So I went down to Bushwood wharf yesterday. I was hoping for the rain to move out of the area by the time I got down there. My plan was to catch a mix of blue catfish and croakers, but I was only able to catch the former. I left my house at 5:15 am and made the hour and forty minute drive down to the Wicomico River. It rained the entire way there but I was pleasantly surprised that the rain stopped when I was about 2 miles from the pier. 

I got to the wharf at 7:00 and got all my stuff out of the car and set up shop.
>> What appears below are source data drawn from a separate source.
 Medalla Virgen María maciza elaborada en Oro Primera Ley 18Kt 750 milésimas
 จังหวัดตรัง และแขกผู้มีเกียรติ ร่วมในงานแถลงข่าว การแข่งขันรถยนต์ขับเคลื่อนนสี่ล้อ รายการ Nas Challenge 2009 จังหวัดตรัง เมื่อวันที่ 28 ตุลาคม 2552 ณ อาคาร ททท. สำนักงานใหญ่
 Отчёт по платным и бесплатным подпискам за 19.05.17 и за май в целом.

I had two rods with me one 8 foot no name rod with a Penn 710 and a 7 foot Mitchell rod with a penn 4400ss. I brought some white perch I had previously caught as bait along with night crawlers and bloodworms. On the 8 foot rod i threw out a 3 ounce sinker and a chunk of cut white perch, on the lighter rod I was using a 1.5 oz weight with a two hook bottom rig size 4. I used night crawlers on one hook and bloodworms on the other hook. After about 15 minutes, I got my first fish on blood worms. It was a catfish of about 14 inches. About 15 minutes later, I got another fish of similar size on the hook with the nightcrawler. The rod with the white perch did not catch any fish, but it did have two small runs. I stayed there until 11:30 am. I caught a total of 6 blue catfish between 14 and 24 inches and about half a dozen small white perch. 

View attachment 56905
View attachment 56907


I also have a TDS meter, which is a total dissolved solids meter. This indicates the presence of dissolved minerals in the water and can be used to measure salinity. I took three readings. One was 2.23 parts per thousand (ppt) another was 2.49 ppt and the third was 2.73 ppt.
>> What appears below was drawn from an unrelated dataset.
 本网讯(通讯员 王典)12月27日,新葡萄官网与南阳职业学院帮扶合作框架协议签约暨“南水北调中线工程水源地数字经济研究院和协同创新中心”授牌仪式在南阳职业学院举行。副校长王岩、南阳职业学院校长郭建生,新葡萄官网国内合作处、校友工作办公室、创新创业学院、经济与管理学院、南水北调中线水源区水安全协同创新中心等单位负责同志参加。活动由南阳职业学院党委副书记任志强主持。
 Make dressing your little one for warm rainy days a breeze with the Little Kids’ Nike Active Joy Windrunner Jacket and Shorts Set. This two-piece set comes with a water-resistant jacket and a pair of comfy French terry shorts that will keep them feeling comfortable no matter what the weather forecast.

Seawater is 35ppt. So this water, averaging 2.5 ppt on the surface (saltwater is denser than freshwater so it sinks making the bottom saltier than the top) is oligahaline (salt content between .5 and 5 ppt). 

I didn't need any more fish for my freezer (I went on a cod fishing trip in the gulf of Maine earlier this year and loaded up on haddock and pollock) so I decided to go home. Plus it started to rain heavily. I had about 8 bloodworms left and 10 night crawlers. I gave them away other fishermen on the pier. Overall it was a good day on the water.


----------



## classicist (May 2, 2018)

Last image isn't working. Here it is:

View attachment 56911


----------



## kevd66 (Apr 27, 2015)

When you go to Bushwood, or Aqualand Marina on 301, the best time for croakers is at night. Take plenty of bug spay with you. Croakers are biting off of the Solomons Island Pier.


----------



## Guest (Jun 14, 2018)

Might as well keep going after the blue cats. They certainly aren't in short supply. If we don't catch them they'll be the only thing left in the Potomac in a few years.


----------



## shelties1 (Aug 5, 2004)

Danta said:


> croaker reports are comming in from solomons island


Good to know. Wondered if they were going to show up somewhere.


----------



## classicist (May 2, 2018)

I'll have to try fishing at nighttime. I saw that the solomon island pier is open 24 hours. I didn't know that the croakers would go all the way to the 301 bridge. That's got to be freshwater. One of the things that is difficult about estuary fishing is the fluctuations in salinity. Sometimes the fish are further up the river or the bay than other times. I guess there is not really an established pattern as to where fish can be at any given time.


----------



## classicist (May 2, 2018)

And the the high number of blue cats in the potomac and its tributaries is frightening. There were other guys catching more than me. It seems like they must blanket the riverbed. Haven't caught a snakehead yet though. That would be cool.


----------



## Pajigging machin (Oct 3, 2015)

Salinty has definitely gotten less over the years in the Chesapeake. I'm 46 from my preteen to early teen years we consistently caught nice spot and snapper blues as high as Rock Hall and Still Pond on the eastern shore. We caught them from shore late summer early fall. All we had to do was catch the tide right day or night. Been looking for them past few years white perch and stripers only


----------



## andypat (Jan 7, 2004)

PA, When I was a kid we had a place on Millers Island and people use to catch nice size croakers around Hart and Millers Island. We called them Hard Heads back them. I caught perch, spot, and little rock fish right off our pier. Also nice size crabs with hand lines and fish, or chicken necks. Things sure have changed. PS. Getting ready to go fishing for the best tasting fish in Md. In my opinion. That's large bluegills. I would rather eat a bluegill then a rock fish any day.---------- PA, when are you going to start your Eastern Shore fishing trips? Looking forward to your reports.


----------



## Pajigging machin (Oct 3, 2015)

Well Andy I was going to start this coming Saturday but reports of spot biting at cape henolopen pier has me egar to try there. The spot haven't arrived this early in a few years. I think cuz the gator blues numbers were less this year. If they not cooperating Sat God willing hitting rock Hall Sunday. Probably gonna take the extra 25min drive and head down your way before summer is out as well.


----------



## andypat (Jan 7, 2004)

Good plan PA. Fishing was slow for me on this Father's Day. Only three bass and not one bluegill. Two bass on a crappie jig and one on the 7" Grape Worm.


----------